**The data:**
────────────────

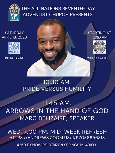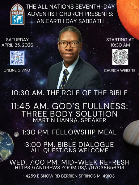 Join us for our worship experience at the All Nations Seventh-day Adventist Church this Saturday, April 25, at 11:45 a.m. as Martin Hanna speaks on "God's Fullness: Three Body Solution." Adult and Children's Sabbath School begins at 10:30...
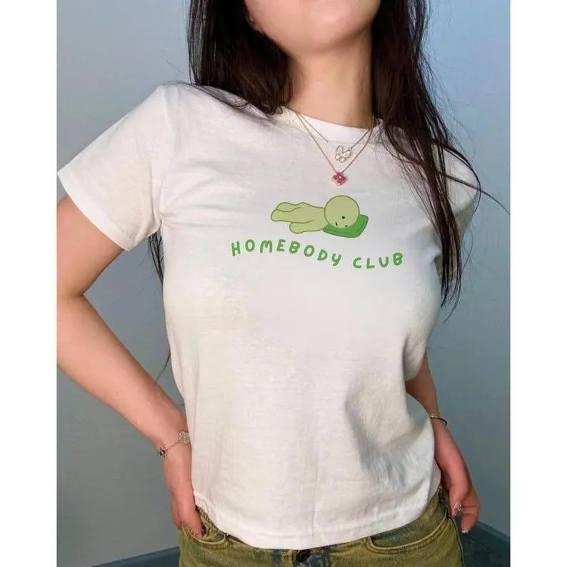 Cozy Homebody Baby Tee – Cute Minimal Graphic, Y2K Aesthetic Outfit for Relaxed Girls
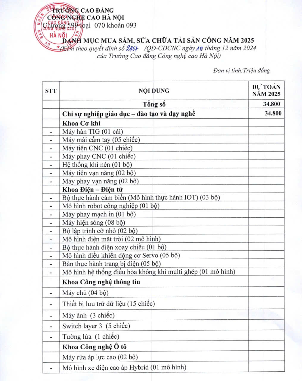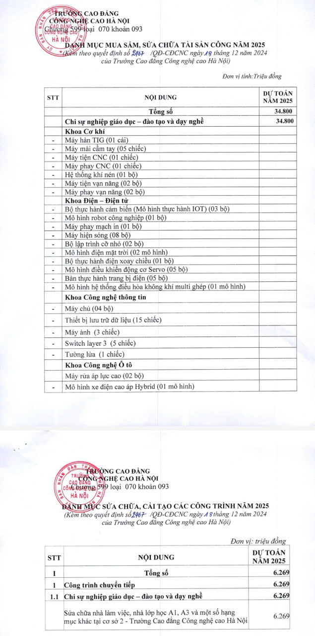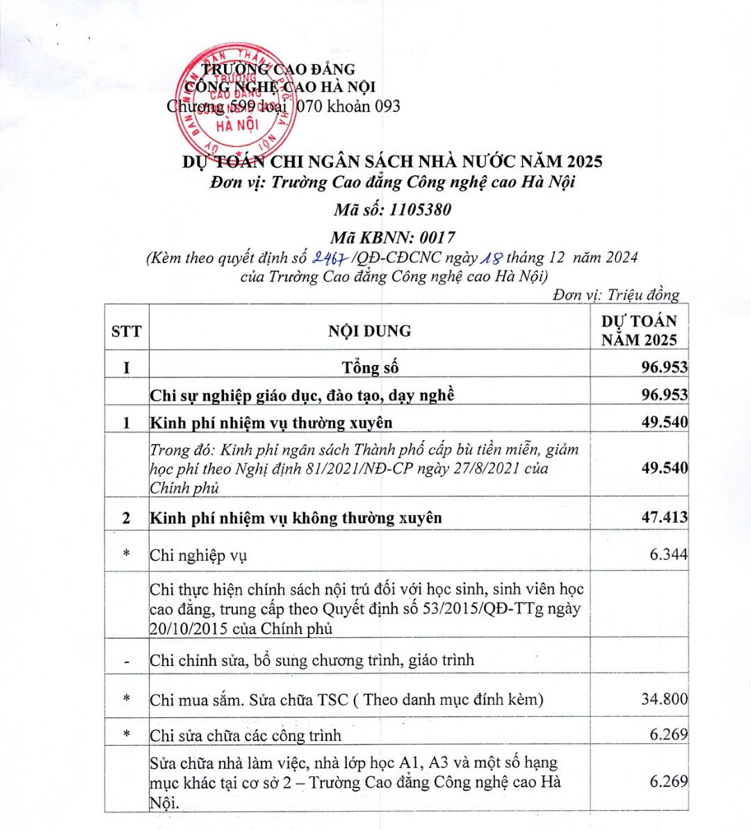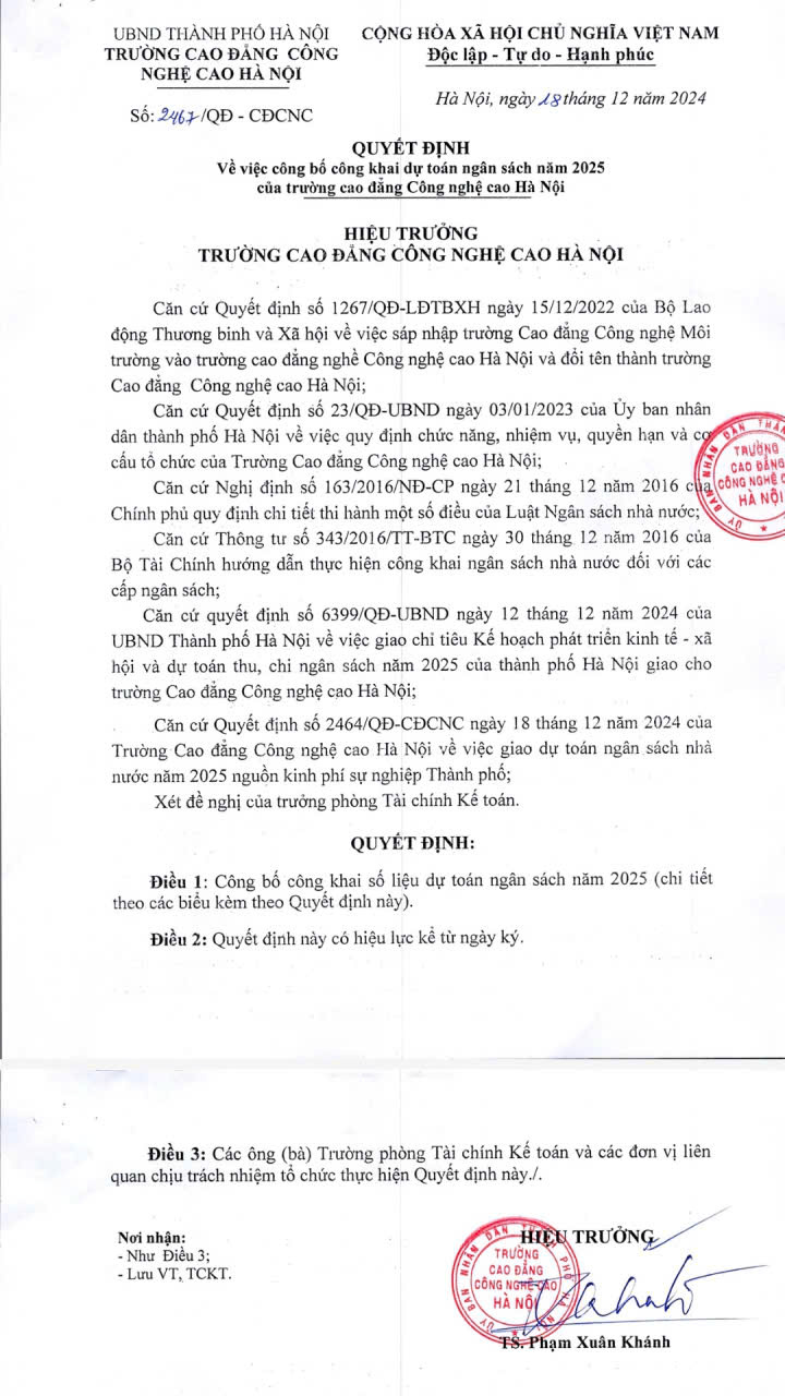QĐ số 1376/QĐ – CĐNCNC về việc công khai dự toán thu chi ngân sách năm 2023.

────────────────

**Description of the task:** An exact transcription is requested of each line from the one that holds "Cozy Homebody Baby" to the end of the listing above, both boundary lines included; pictures are to be omitted.

**Output below:**
 Cozy Homebody Baby Tee – Cute Minimal Graphic, Y2K Aesthetic Outfit for Relaxed Girls
QĐ số 1376/QĐ – CĐNCNC về việc công khai dự toán thu chi ngân sách năm 2023.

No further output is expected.